As máscaras foram vendidas por uma empresa de Hong Kong, a Global Base Development HK Limited, representada no Brasil pela 356 Distribuidora, Importadora e Exportadora, cujo dono, Freddy Rabbat, atua no mercado de relógios de luxo suíços —é ele quem assina o contrato com o governo federal.
Em nota assinada pelos advogados Eduardo Diamantino e Fabio Tofic, a distribuidora afirmou que o preço praticado foi compatível com os valores de mercado.
“Havia uma escassez de máscaras no mercado mundial. No auge da corrida global, países como EUA e França encomendaram bilhões de máscaras, além de seus agentes estarem comprando máscaras em dinheiro nas pistas de decolagem dos aeroportos chineses, o que causou disparada de preços em todo o mundo”, cita.
A empresa apresentou menor preço e maior disponibilidade entre os concorrentes, conforme os advogados.

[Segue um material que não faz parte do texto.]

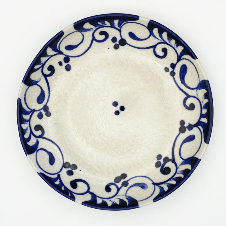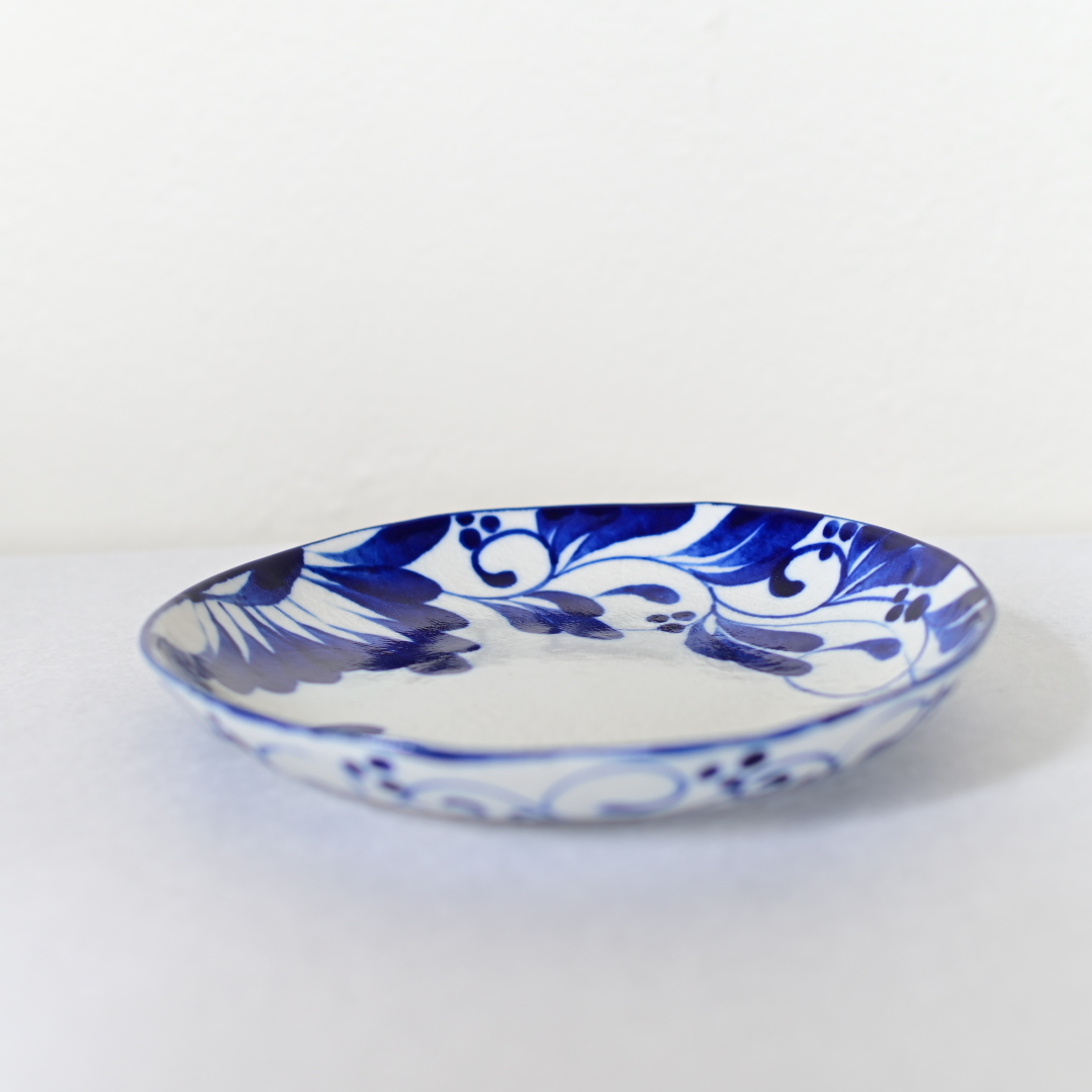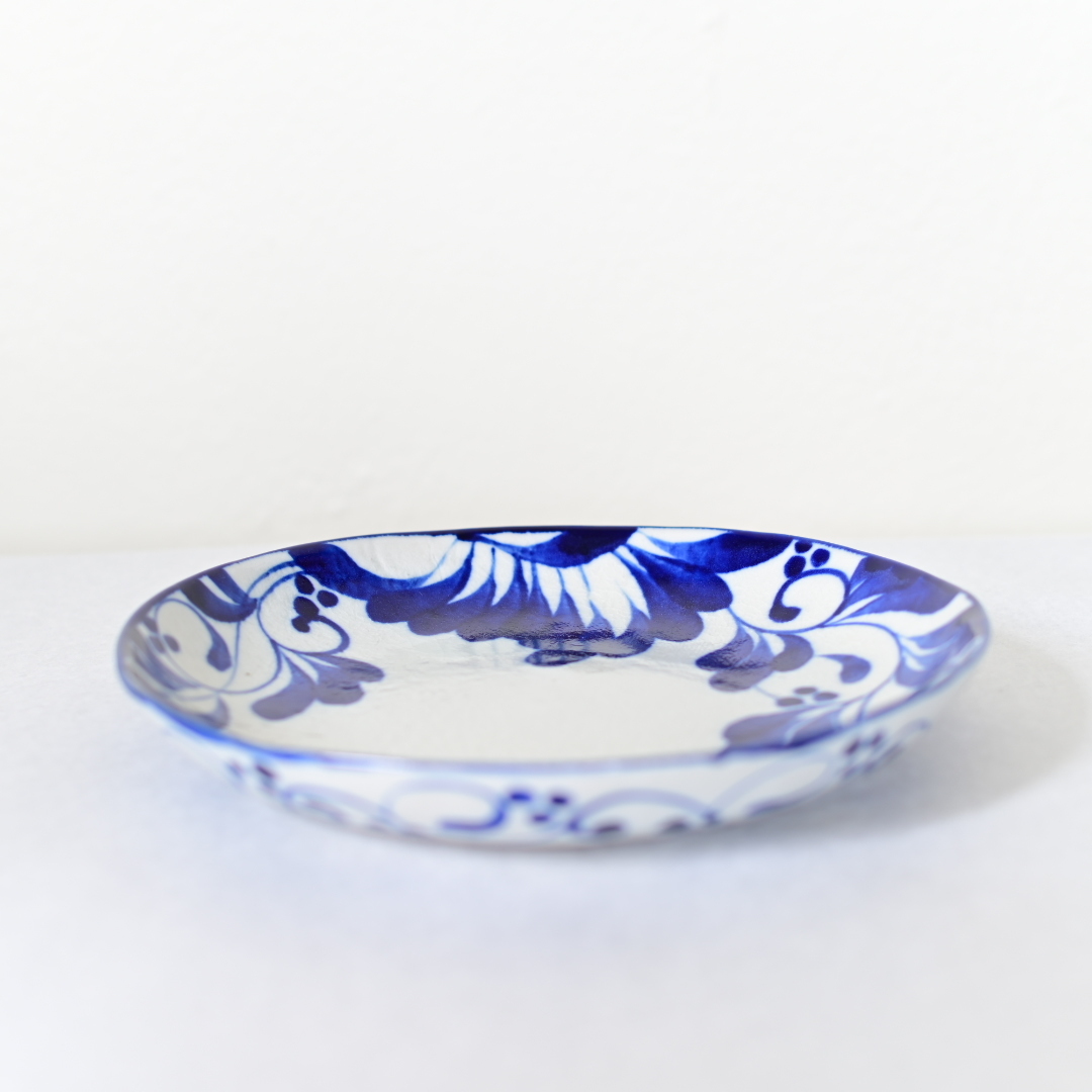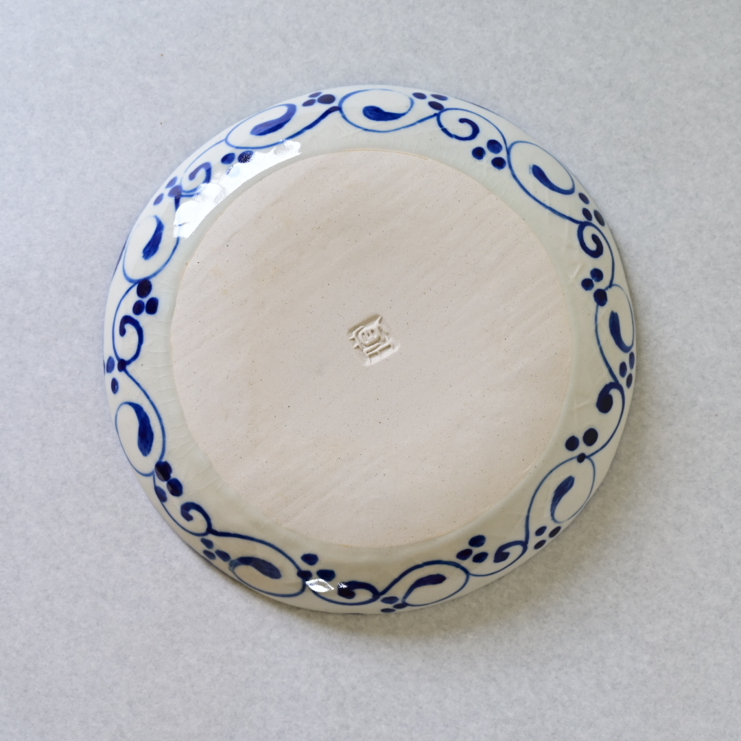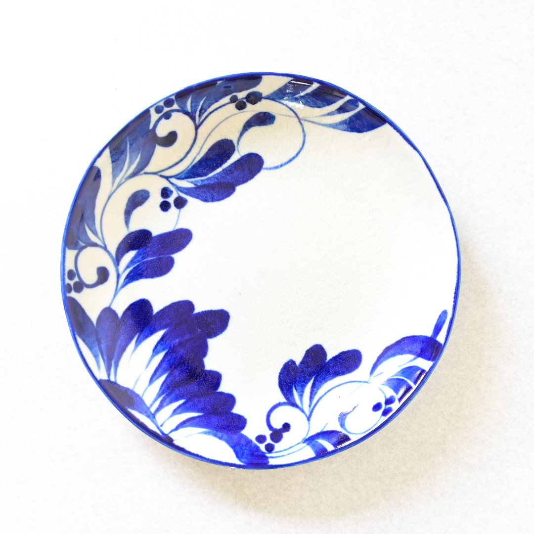 シンプルな白とコバルトの色彩は、サラダやパスタ、カレーなど様々な料理を引き立たせてくれる魔法の一枚です。

“Os cinco fabricantes chineses do produto atestaram a segurança do uso em ambiente hospitalar não cirúrgico. Não foram reportadas à empresa quaisquer reclamações, jamais tendo sido proibidos por qualquer ato normativo. Todas as máscaras dispõe de certificação aceita internacionalmente, e obtiveram resultados conclusivos de eficácia na retenção de 95% de partículas”, diz a nota.
Além de inquéritos no MPF e da CPI da Covid, o TCU (Tribunal de Contas da União) também passou a investigar a compra das máscaras após a publicação da reportagem pela Folha.
Auditores do TCU identificaram um relatório parcial de fiscalização interna que registrou “divergências em parte das cargas de máscaras recebidas”. Segundo o Ministério da Saúde, o desfalque foi de apenas 6,3 mil itens, repostos em dezembro.
A CGU (Controladoria-Geral da União), por sua vez, informou ao MPF em setembro que o contrato estava sob análise. A reportagem questionou o órgão sobre os resultados dessa análise, oito meses depois. Não houve resposta.